Director General of the Directorate General for National Security
- In office July 7, 2010 – June 26, 2018
- Preceded by: Ali Tounsi
- Succeeded by: Mustapha El-Habiri

Military service
- Branch/service: Gendarmerie Nationale Directorate General for National Security
- Rank: Major general

= Abdelghani Hamel =

Algerian military personnel

Abdelghani Hamel (Arabic: عبدالغني هامل) is an Algerian politician and military figure who served as the Director-General of National Security of Algeria from 2010 to 2018.

== Biography ==
Hamel was born on July 3, 1955, in Sabra, Algeria. He holds a degree in computer science from the National School of Computer Science and a master's degree in strategic studies and international studies.

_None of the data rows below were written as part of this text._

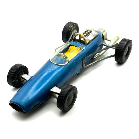Vintage rød racerbil modelbil med hvid stribe og nummer 11 på motorhjelmen. Modellen har sorte hjul og detaljeret interiør med sæder og rat. Fremstillet i metal og plastik, uden synlige skader, egnet til samling eller dekoration.
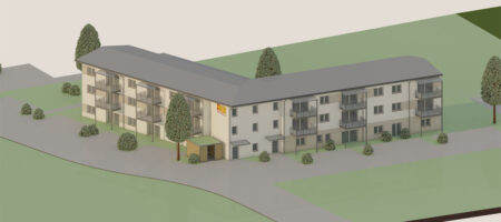 Im Titelbild: So sieht das Gebäude für das betreute Wohnen und die Tagespflege nach der aktuellen Planung aus. Grafik: Architekt Schlund
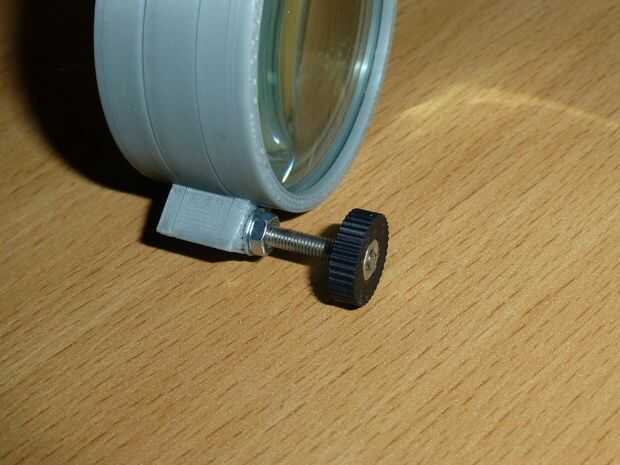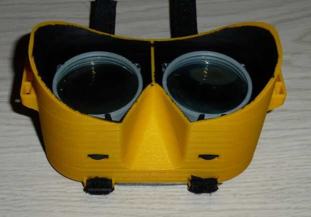 Hebillas de goma fue impreso con ABS negro y lentes con ABS gris. Pero creo que debe ser negro, como un cuerpo principal dentro para evitar llamaradas de luz. Pero fue primera versión de prueba para que queden con color gris. Después de imprimir tienes que asseble sostenedor de lentes y lentes juntas, uso una m3 rosca y tuercas. Lentes montados debe introducir guías especiales dentro del cuerpo principal gafas y usar mando impresa para mantenerlo en su lugar. Más adelante se puede ajustar a distancia botones de pantalla (las perillas se colocan en el lado inferior para ajustar la lente con los dedos pulgares). Mando está diseñado para ser ajustado en el orificio para reducir al mínimo las brechas. Evitar cae a mucha luz. Perilla, hay un espacio para el montaje de tuerca m3. Se mueve hilos de fondo lensholder en guías especiales (en mainbody) para ajustar la distancia de la lente de ojos
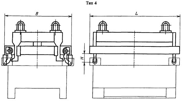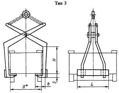 Пример условного обозначения грузозахватного устройства типа 2 с L = 450 мм, В = 600 мм, Н = 560 мм и грузоподъемностью 0,25 т: Устройство грузозахватное 2-45-60-56-0,25 ГОСТ 15539-81 3, 4. (Измененная редакция, Изм. № 1, 2). 5. Основные параметры и размеры грузозахватных устройств типа 3 должны соответствовать указанным на черт. 3 и в табл. 2 и 3. * В рабочем положении. Черт. 3 Примечание. Чертеж не определяет конструкцию грузозахватных устройств. Пример условного обозначения грузозахватного устройства типа 3 с L = 450 мм, В = 600 мм, H = 900 мм и грузоподъемностью 0,50 т: Устройство грузозахватное 3-45-60-90-0,50 ГОСТ 15539-81 6. Основные параметры и размеры грузозахватных устройств типа 4 должны соответствовать указанным на черт. 4 и в табл. 4. Черт. 4 Примечание. Чертеж не определяет конструкцию грузозахватных устройств. Таблица 4 Размеры, мм
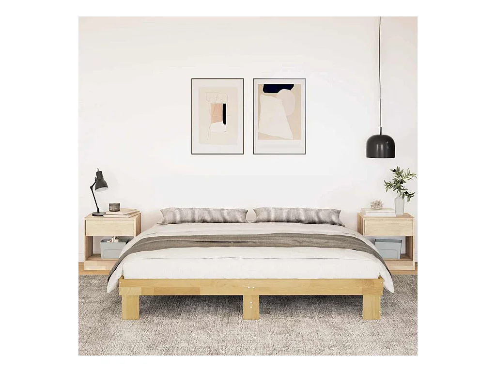 Cadre de lit sans matelas 200 x 200 cm en bois massif de chêne
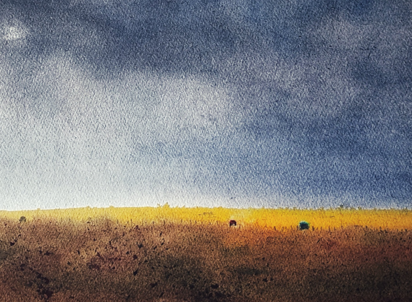 The lower plane anchors the scene, featuring an expanse of ground textured in deep, earthy tones. The horizon line is sharply delineated by a vibrant band of yellow-orange, providing a warm, bright contrast against the dark atmosphere above. The piece explores the opposition between the immense, threatening scale of the sky and the fine line of light on the land, using variations in color and pigment density to structure the landscape. This contrast highlights the raw force of nature and the fleeting moment where light meets imminent shadow.
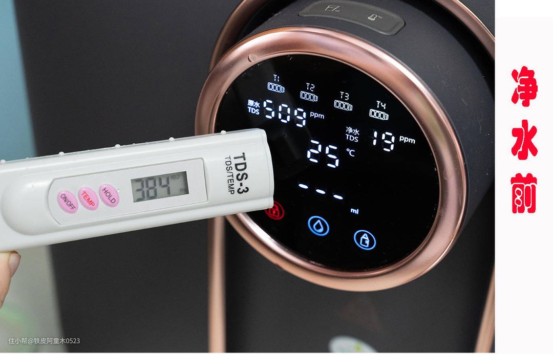 通过触屏上,我们可看到原水的TDS值和净水TDS值,但毕竟是机器本身显示的值,需要一个对比参数,于是我拿来家里的TDS测试笔进行对比分析。

Hamel had a 37-year career in the Algerian People's National Army (ANP) in the Gendarmerie Nationale. He served as chief of staff of the 6th Regional Command of the National Gendarmerie of Tamanrasset and served in Ghardaïa. He later served as the head of the public security division at the National Gendarmerie in Algiers, and later regional commander of the National Gendarmerie in Oran. He then served as the head of the border guard force between 2004 and 2005.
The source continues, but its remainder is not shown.